Raffarin avait annoncé 230 mesures pour réformer l'État, ce qui devait générer 500 millions d'euros d'économies. La chasse aux taille-crayons était ouverte, avec Francis Mer comme « Grand Veneur » qui avait réuni une commission de plusieurs dizaines de personnes pour organiser cette chasse!
François Fillon avait le projet de noter les ministres. Ce rôle de professeur était comique. Il les jugeait sur leurs aptitudes à faire passer des textes: cela revenait à leur capacité de nuire puisque le pays croule sous l'inondation de lois.
Une autre méthode fut la révision générale des politiques publiques (RGPP) qui consiste en une analyse des missions et des actions de l'État, suivie de la mise en oeuvre de scénarios de réformes structurelles. Cette RGPP inaugurée en 2007 puis poursuivie en 2012 n'a guère donné de résultats probants. Elle ne le pouvait pas, car selon une vieille tradition républicaine, elle dégageait une forte puanteur d'usine à gaz.

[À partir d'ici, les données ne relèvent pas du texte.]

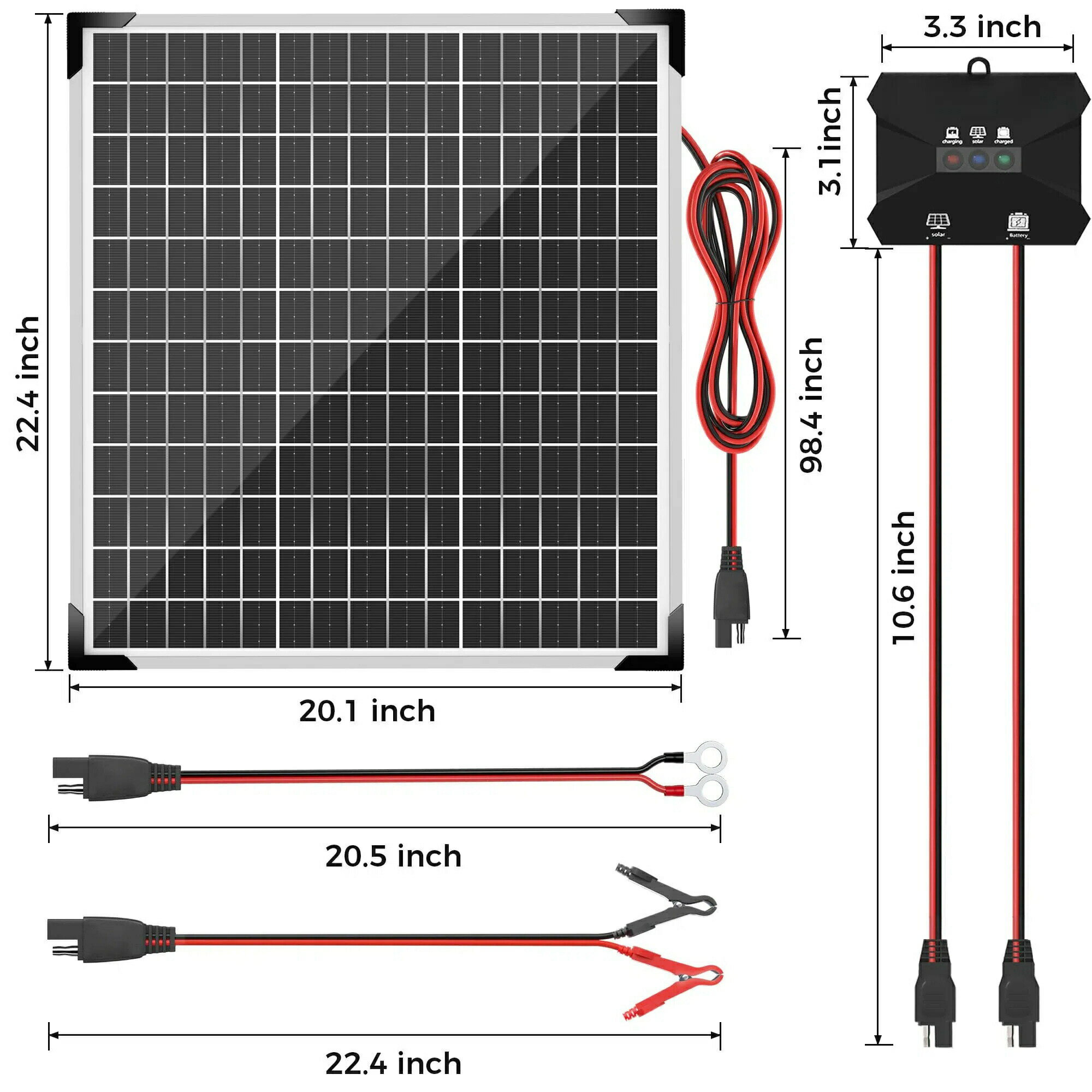 ? アップグレードされたコントローラー:メンテナンス付きのインテリジェント充電コントローラーは、他のソーラー充電コントローラーよりも20%~30%以上多くの電力を生成します。 10A 充電コントローラー 100% 防水、完全に水に浸すことができます。 バッテリーを完全に保護し、過充電、過放電、過電圧、過電流、過負荷、短絡、逆極性、過熱を防ぎます。10Aコントローラーはソーラーパネルの最大電力に適しています。 130Wを超えないでください? 優れた単結晶シリコン:30ワットソーラーパネルは最大30%の有効変換率を備えたA+単結晶シリコンを採用しています。 十分な太陽光があれば、高効率、高変換率が達成でき、他のアモルファス材料よりも充電効率と充電速度が大幅に向上します。また、寿命は最大25年です? LEDインジケーター監視:3つの明確なLEDインジケーターにより、動作状態とバッテリーの状態を常によく視覚化できます。 赤色光と青色光(充電中) - 青色光(太陽光下) - 緑色光(フル充電) - 光なし(短絡)。 太陽光発電が故障した場合でも、時間内に接続を確認できます。 ソーラーチャージメンテナーはソーラーパネルのみから電力を供給され、バッテリー電力を消費しません? 防水性:ソーラーバッテリー充電器は強化ソーラーガラスでできており、耐腐食性アルミニウム合金の取り付けフレームが付いています。 強化ガラスは高強度で耐衝撃性があり、しっかりとした作りで長年にわたって機能します。 IP65防水防錆太陽電池充電器は、強風、雷雨、吹雪、雹などのあらゆる厳しい気象条件に耐えることができ、最大2400Paの風圧と最大5400Paの積雪荷重に耐えることができます? 幅広い用途:ソーラーバッテリー充電器は、車、ボート、トラック、船舶、オートバイ、トラクター、ATV、ダンプトレーラー、芝刈り機、スノーモービル、RV、キャンピングカー、ドアオープナー、ポンプ、防犯カメラ、電気柵などに便利です。 ?、リチウムイオン、? アップグレードされたコントローラー:メンテナンス付きのインテリジェント充電コントローラーは、他のソーラー充電コントローラーよりも20%~30%以上多くの電力を生成します。 10A 充電コントローラー 100% 防水、完全に水に浸すことができます。 バッテリーを完全に保護し、過充電、過放電、過電圧、過電流、過負荷、短絡、逆極性、過熱を防ぎます。10Aコントローラーはソーラーパネルの最大電力に適しています。 130Wを超えないでください? 優れた単結晶シリコン:30ワットソーラーパネルは最大30%の有効変換率を備えたA+単結晶シリコンを採用しています。 十分な太陽光があれば、高効率、高変換率が達成でき、他のアモルファス材料よりも充電効率と充電速度が大幅に向上します。また、寿命は最大25年です? LEDインジケーター監視:3つの明確なLEDインジケーターにより、動作状態とバッテリーの状態を常によく視覚化できます。 赤色光と青色光(充電中) - 青色光(太陽光下) - 緑色光(フル充電) - 光なし(短絡)。 太陽光発電が故障した場合でも、時間内に接続を確認できます。 ソーラーチャージメンテナーはソーラーパネルのみから電力を供給され、バッテリー電力を消費しません? 防水性:ソーラーバッテリー充電器は強化ソーラーガラスでできており、耐腐食性アルミニウム合金の取り付けフレームが付いています。 強化ガラスは高強度で耐衝撃性があり、しっかりとした作りで長年にわたって機能します。 IP65防水防錆太陽電池充電器は、強風、雷雨、吹雪、雹などのあらゆる厳しい気象条件に耐えることができ、最大2400Paの風圧と最大5400Paの積雪荷重に耐えることができます? 幅広い用途:ソーラーバッテリー充電器は、車、ボート、トラック、船舶、オートバイ、トラクター、ATV、ダンプトレーラー、芝刈り機、スノーモービル、RV、キャンピングカー、ドアオープナー、ポンプ、防犯カメラ、電気柵などに便利です。 ?、リチウムイオン、

La fausse droite laissant la place à la vraie gauche, celle-ci a voulu continuer mais autrement. Nous voilà partis vers un audit des politiques publiques qui doit se prolonger pendant tout le quinquennat. Adieu à la RGPP et bonjour à la MAP ou « modernisation de l'action publique ». Personne ne voit pourquoi cela marcherait mieux maintenant.
Les objectifs avoués
Les personnes au pouvoir depuis des lustres sont noyées dans la même idéologie super-étatique, et ce quelle que soit leur place appartenance sur l'échiquier politique. Bien que lavés et relavés par la Pensée Unique Totalitaire qu'ils alimentent comme d'autres, il leur reste assez de bon sens pour constater qu'ils agissent dans le vide.
En 2007, un audit avait dénoncé les dysfonctionnements: « Le travail de coordination interministériel connaît un emballement pathologique propre à la France ». Il y a trop de réunions interministérielles, trop de conseillers, trop de décisions prises sans l'avis des ministres, et le gouvernement ne parvient plus à travailler.
Le phénomène s'est accru d'année en année. Les rapporteurs n'ont certes pas eu l'idée que le mal venait justement du nombre de ministres! L'une des conséquences est la pléthore croissante des cabinets ministériels.
Il en résulte, de temps à autre, la résurgence de l'idée de réformer l'État.
Les objectifs avoués n'ont rien d'absurde: dépenser mieux, être plus efficace, faire des économies. Pour justifier l'immense remue-méninge de la maladie de la réformite, les chiffres d'économies prévues sont calculés à grand renfort d'experts. Ils sont faux par nature; s'ils étaient justes, par miracle, ces économies ne seraient jamais réalisées, les administrations faisant le gros dos en attendant la fin de l'épidémie.